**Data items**
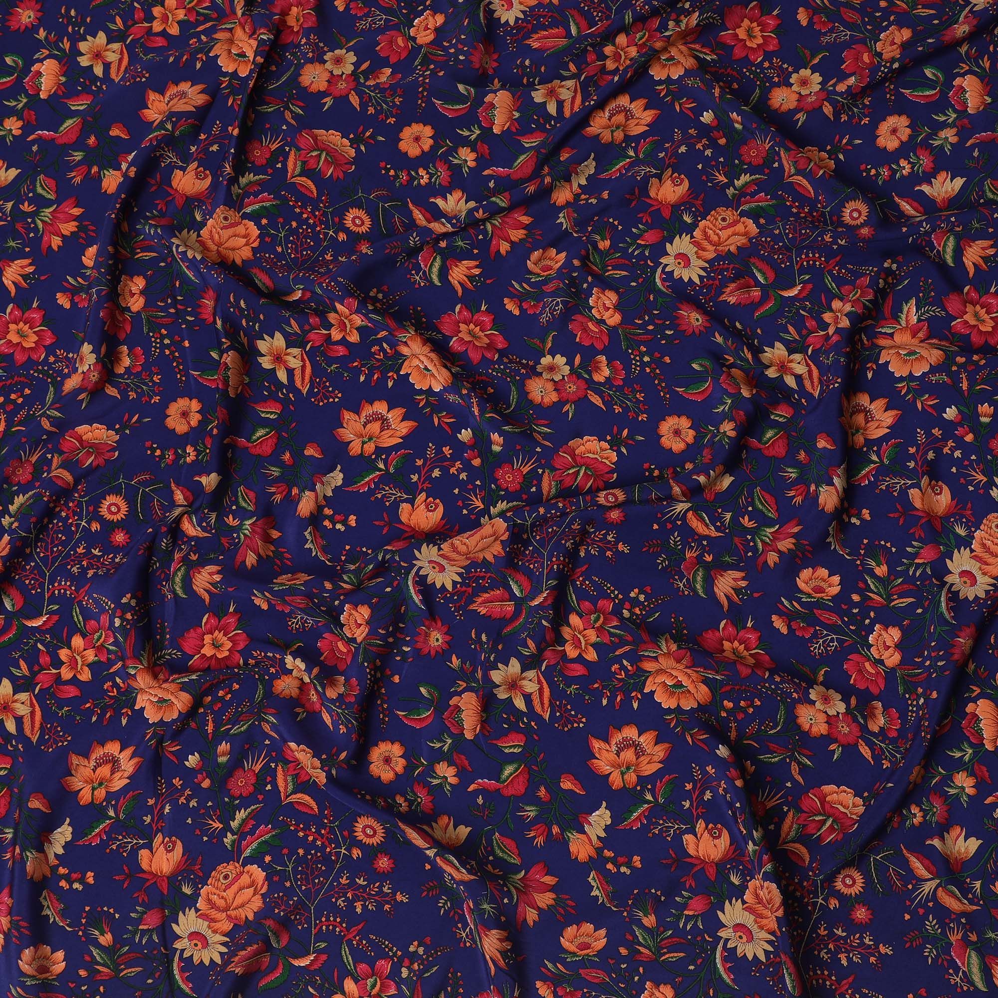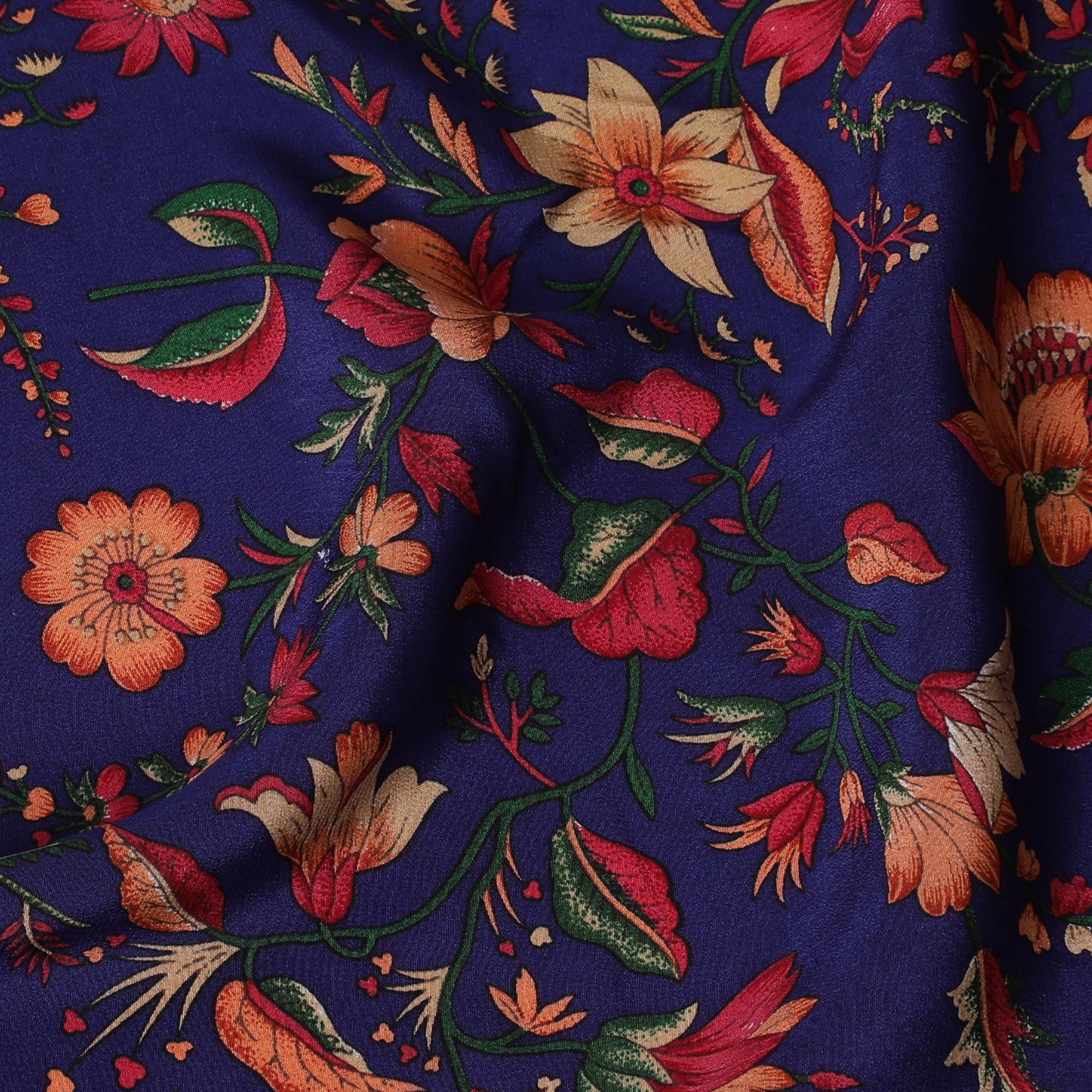 Dark royal blue Premium pure silk crepe fabric with multicolor print in floral design-D17192
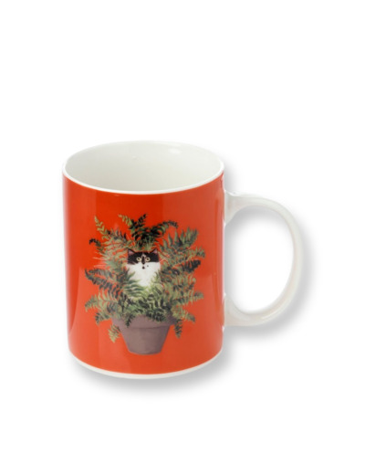 Design : Ce mug présente une illustration par l'artiste Kim Haskins, représentant un chat noir et blanc qui se cache derrière des fougères vertes dans un pot marron, créant un design ludique et enchanteur. L'intérieur du mug est blanc, contrastant avec son extérieur rouge vif.
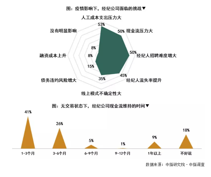 从中指研究院对全国超1000名房产经纪人的调研结果显示,超8成经纪人表示自新冠肺炎疫情以来无成交。由于现金流储备并不充裕,近7成经纪公司认为当前的资金撑不过半年。在开源节流的预期下,不乏经纪公司有关闭门店的考虑。不过,多数经纪公司寄希望于政策活跃市场以缓解困境。
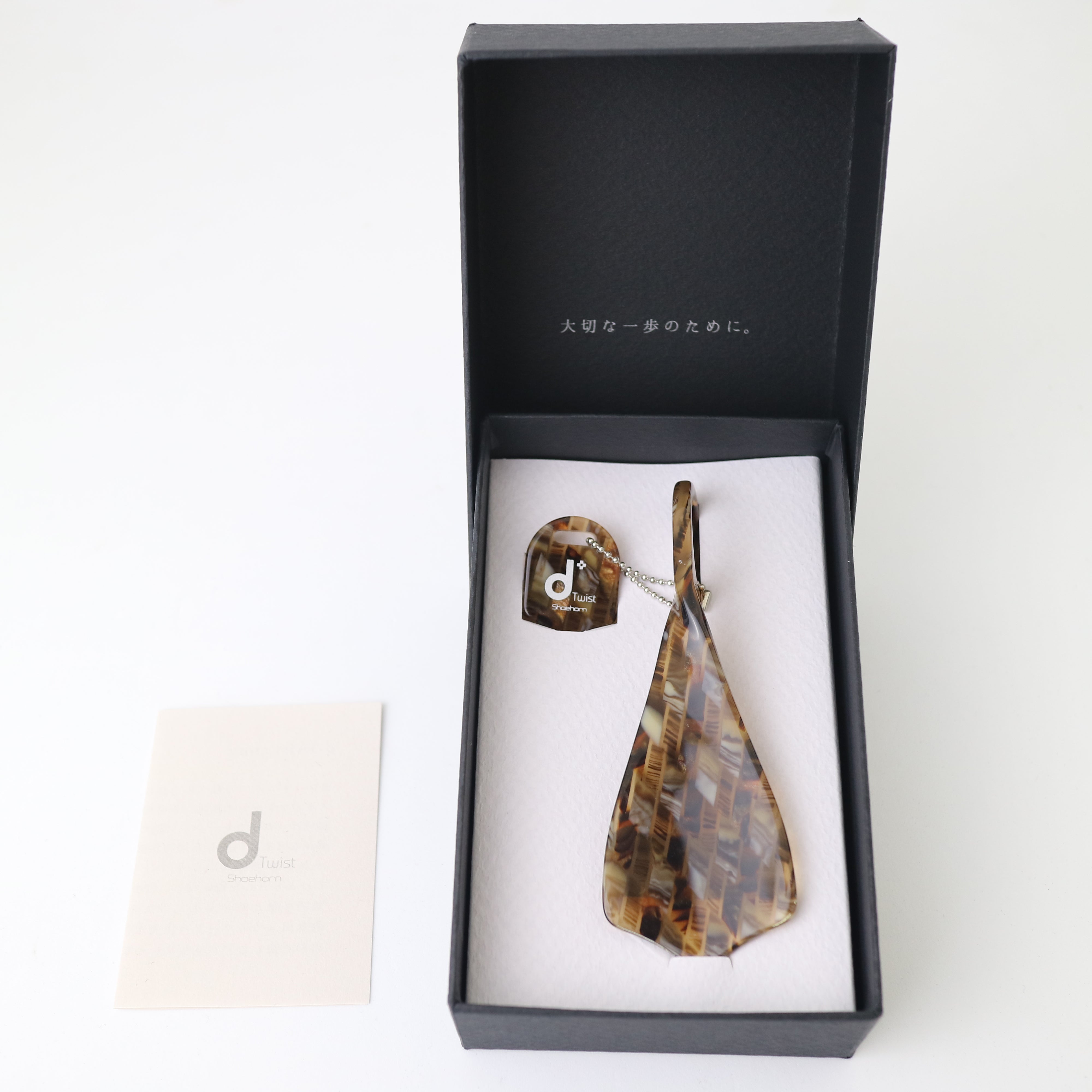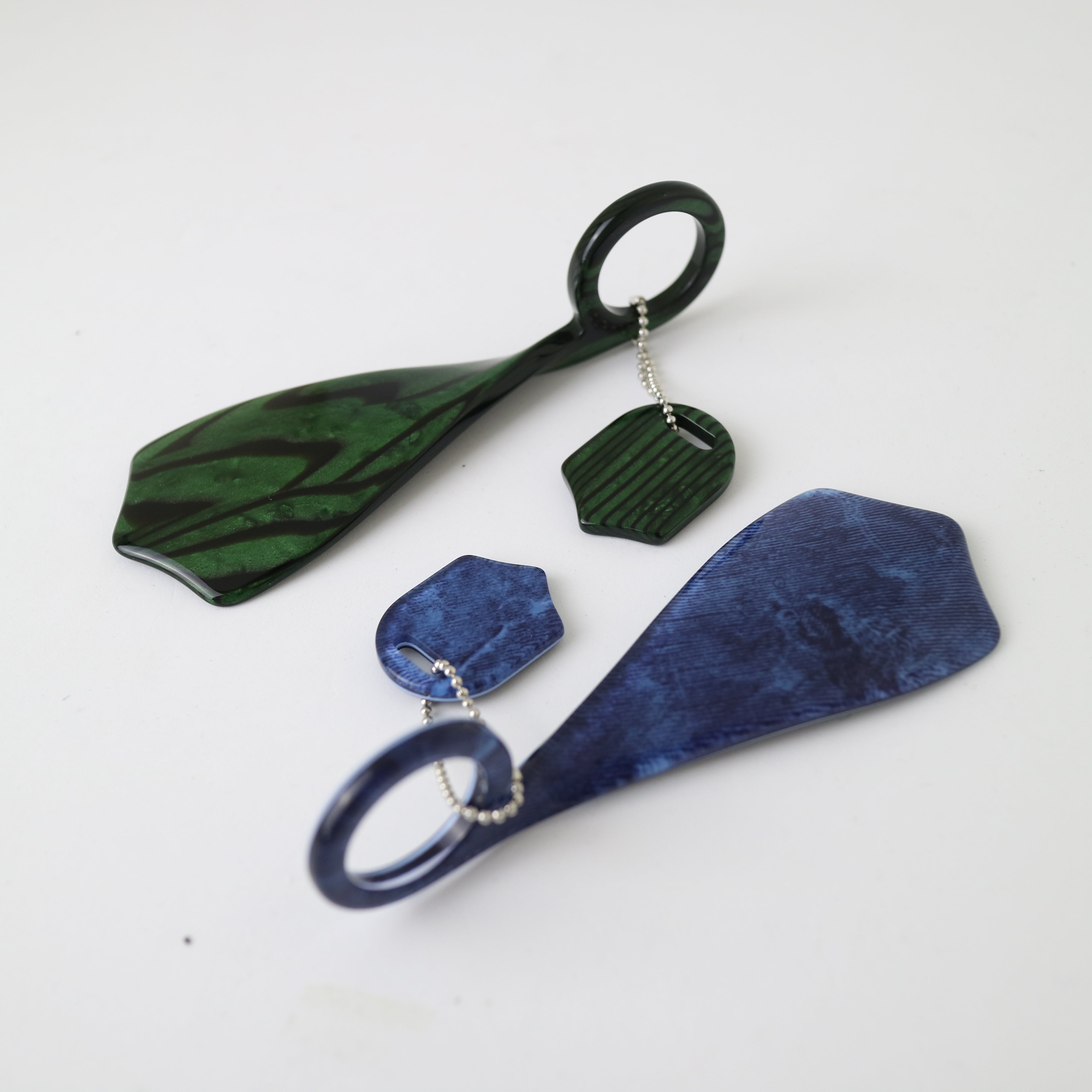 The material is cellulose acetate used for eyeglass frames. The design, which looks like the letter "d" twisted, makes it easy to interlock your fingers and is very convenient when putting on shoes. It is also recommended as a gift for someone special. It is a masterpiece you want to keep within reach and use daily.
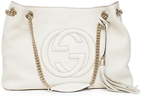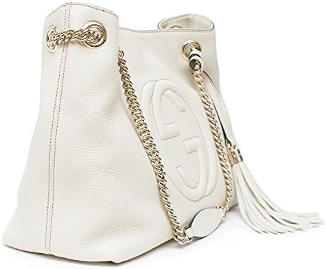 The Gucci Soho Chain Hobo Bag is a medium size shoulder bag with double chain shoulder straps. Featuring a roomy interior with pockets, detachable tassel detail, light gold hardware, and an embossed interlocking GG on front. Model: 536196 Ivory Leather Gold-tone hardware Embossed interlocking GG Detachable leather tassel Double chain shoulder straps Interior hook closure Cotton linen interior lining Strap drop: 8.75" Measurements: 15" x 5.5" x 10.6" (LWH) Includes authenticity cards and Gucci dust bag Made in Italy #4,641,633 in Clothing, Shoes & Jewelry ( ) #6,034 in
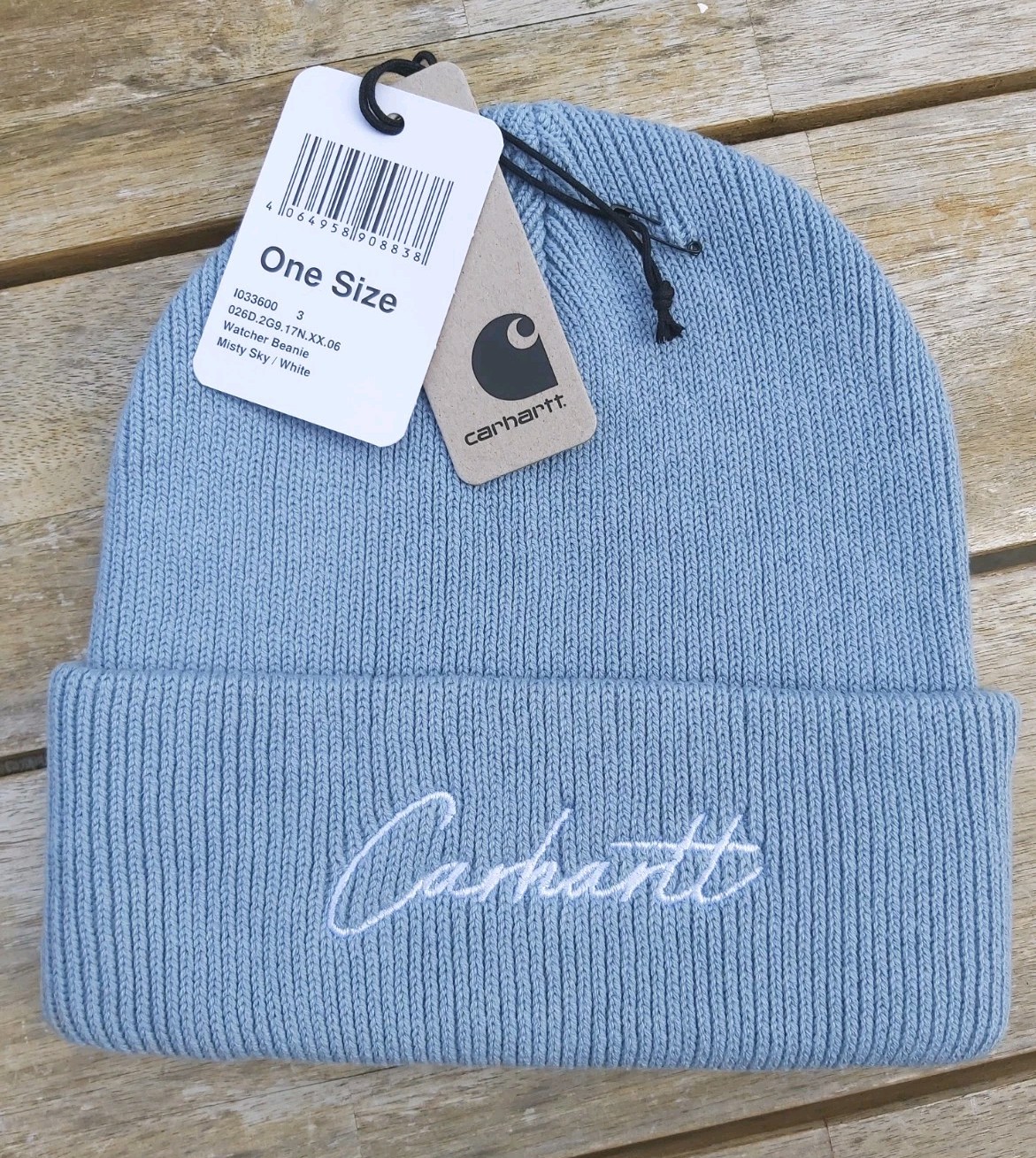 Genuine CARHARTT Misty Sky Blue *Embroidered Logo* Cuff BEANIE Hat I033600 3
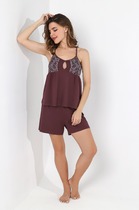 Комплект женский состоит из рубашки и шорт. Рубашка свободного силуэта, с отложным воротником. Рукав втачной короткий, линия плеча немного спущена, рукав обработан вподгибку. Рубашка с центральной застежкой с петлями и пуговицами. Низ застрочен швом в подгибку.
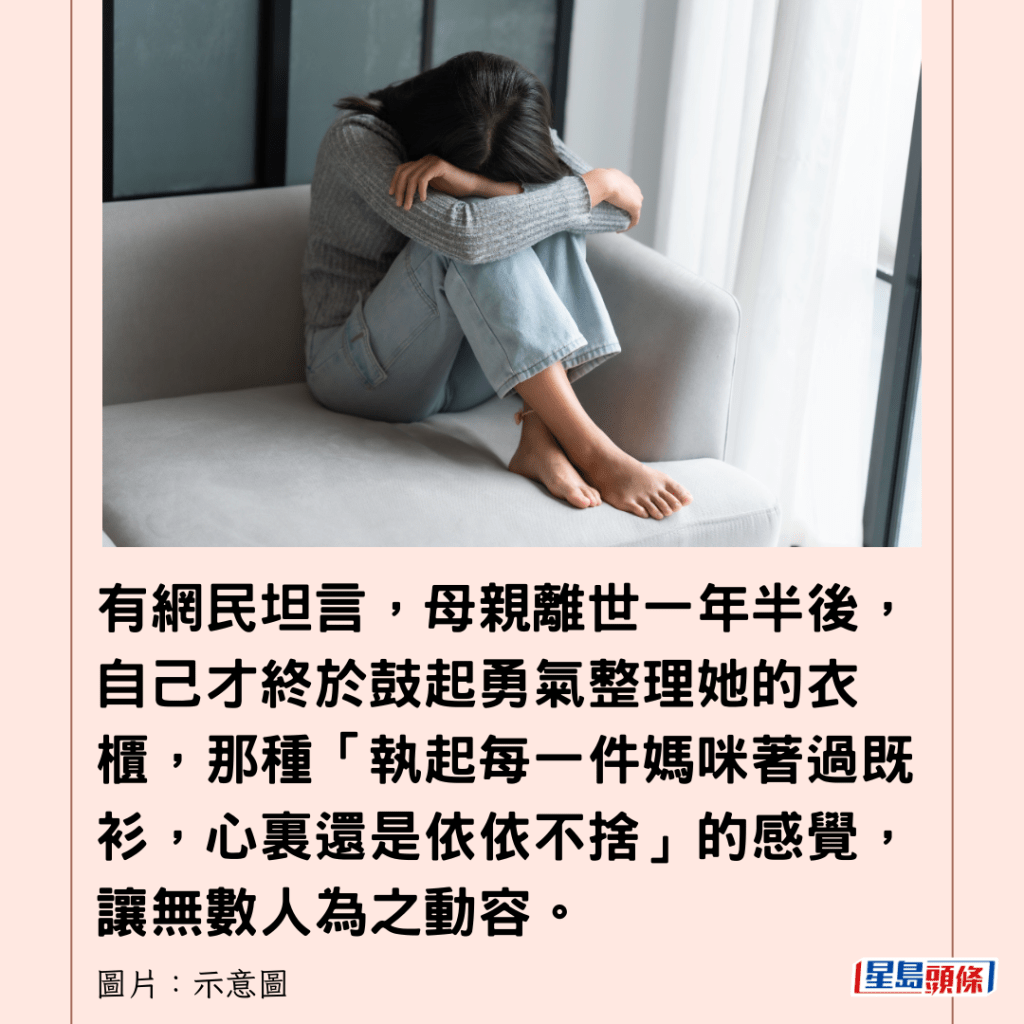 有網民坦言,母親離世一年半後,自己才終於鼓起勇氣整理她的衣櫃,那種「執起每一件媽咪著過既衫,心裏還是依依不捨」的感覺,讓無數人為之動容。
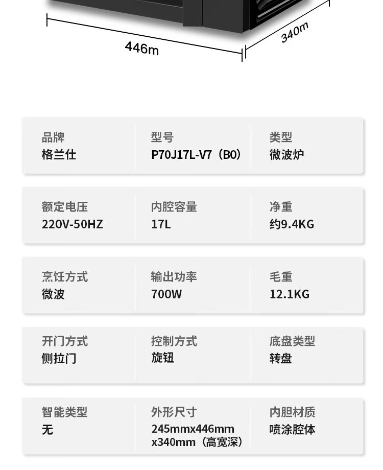家用电器  > 厨房小电  > 微波炉  >  格兰仕/Galanz  >  格兰仕(Galanz)微波炉 6档火力调节 旋钮简易操作 经典迷你款 家用微波炉P70J17L-V7(B0) P70J17L-V7(B0)/台

**TASK DESCRIPTION**
In the records above, locate the line with "有網民坦言,母親離世一年半後"; output it and each line after it through the last one, exactly, omitting pictures.

**COMPLETED TASK**
 有網民坦言,母親離世一年半後,自己才終於鼓起勇氣整理她的衣櫃,那種「執起每一件媽咪著過既衫,心裏還是依依不捨」的感覺,讓無數人為之動容。
家用电器  > 厨房小电  > 微波炉  >  格兰仕/Galanz  >  格兰仕(Galanz)微波炉 6档火力调节 旋钮简易操作 经典迷你款 家用微波炉P70J17L-V7(B0) P70J17L-V7(B0)/台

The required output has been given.